## References

In [None]:
# https://radimrehurek.com/gensim/tut2.html#Gensim    
# https://markroxor.github.io/gensim/static/notebooks/lda_training_tips.html
# https://datascienceplus.com/evaluation-of-topic-modeling-topic-coherence/
# https://pypi.org/project/pyLDAvis/1.0.0/
# https://gist.github.com/tokestermw/3588e6fbbb2f03f89798
# https://stackoverflow.com/questions/11162402/lda-topic-modeling-training-and-testing
# https://towardsdatascience.com/topic-modeling-and-latent-dirichlet-allocation-in-python-9bf156893c24

## Notebook Setup

In [None]:
# Import libraries
import logging
import matplotlib.pyplot as plt
import os.path
import pyLDAvis.gensim
import pyLDAvis
import pickle
from gensim import corpora, models
from gensim.models import CoherenceModel
from wordcloud import WordCloud

In [None]:
# Display plots within notebook
%matplotlib inline

In [None]:
# Log events
logging.basicConfig(format='%(asctime)s : %(levelname)s : %(message)s', level=logging.INFO)

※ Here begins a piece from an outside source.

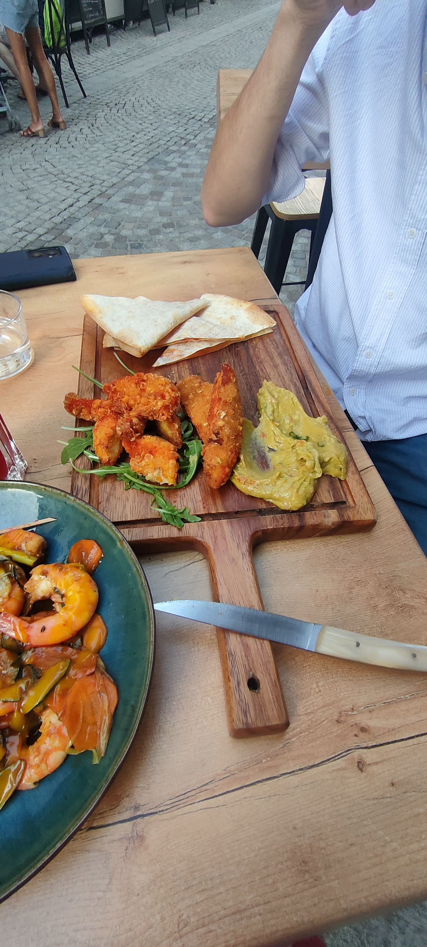 C’est un restaurant de tapas mais qui propose aussi de plats. Carte courte mais tout est fait maison et parfaitement cuisiné ! J’ai pris les crevettes cuites bien moelleuses et avec une épice agréable et une sauce mangue avec des beaux de mangue, 16,50€, prix raisonnable car une dizaine de crevettes. Mais sans accompagnement (façon tapas) donc j’ai demandé petit bol de roquette et tomates cerise. Avons aussi pris assiette de charcuterie avec du très bon jambon blanc persillé. Avons pris un cornet de patates douces, délicieusement épicées et bien crousti-moelleuses. Et un crémeux du Jura servi dans sa boîte, très bon, pas trop salé. Mention spéciale pour l’accueil de la jeune fille mais aussi du reste du personnel. Peu de tables donc pensez à réserver.

## Load Vectorized Corpora and Dictionaries

In [None]:
# Load no pooling corpus
if (os.path.exists("../outputs/tourism_no_pooling.dict")):
   dictionary_no_pooling = corpora.Dictionary.load("../outputs/tourism_no_pooling.dict")
   corpus_no_pooling = corpora.MmCorpus("../outputs/tourism_no_pooling.mm")
   print("Vectorized no pooling corpus loaded!")
else:
   print("Please run preprocessing script first!")

# load user pooling corpus
if (os.path.exists("../outputs/tourism_user_pooling.dict")):
   dictionary_user_pooling = corpora.Dictionary.load("../outputs/tourism_user_pooling.dict")
   corpus_user_pooling = corpora.MmCorpus("../outputs/tourism_user_pooling.mm")
   print("Vectorized user pooling corpus loaded!")
else:
   print("Please run preprocessing script first!")

# load hashtag pooling corpus
if (os.path.exists("../outputs/tourism_hashtag_pooling.dict")):
   dictionary_hashtag_pooling = corpora.Dictionary.load("../outputs/tourism_hashtag_pooling.dict")
   corpus_hashtag_pooling = corpora.MmCorpus("../outputs/tourism_hashtag_pooling.mm")
   print("Vectorized hashtag pooling corpus loaded!")
else:
   print("Please run preprocessing script first!")

## Load Tokenized Documents

In [None]:
with open ("../outputs/tokenized_documents_no_pooling.p", "rb") as fp:
    tokenized_documents_no_pooling = pickle.load(fp)
with open ("../outputs/tokenized_documents_user_pooling.p", "rb") as fp:
    tokenized_documents_user_pooling = pickle.load(fp)
with open ("../outputs/tokenized_documents_hashtag_pooling.p", "rb") as fp:
    tokenized_documents_hashtag_pooling = pickle.load(fp)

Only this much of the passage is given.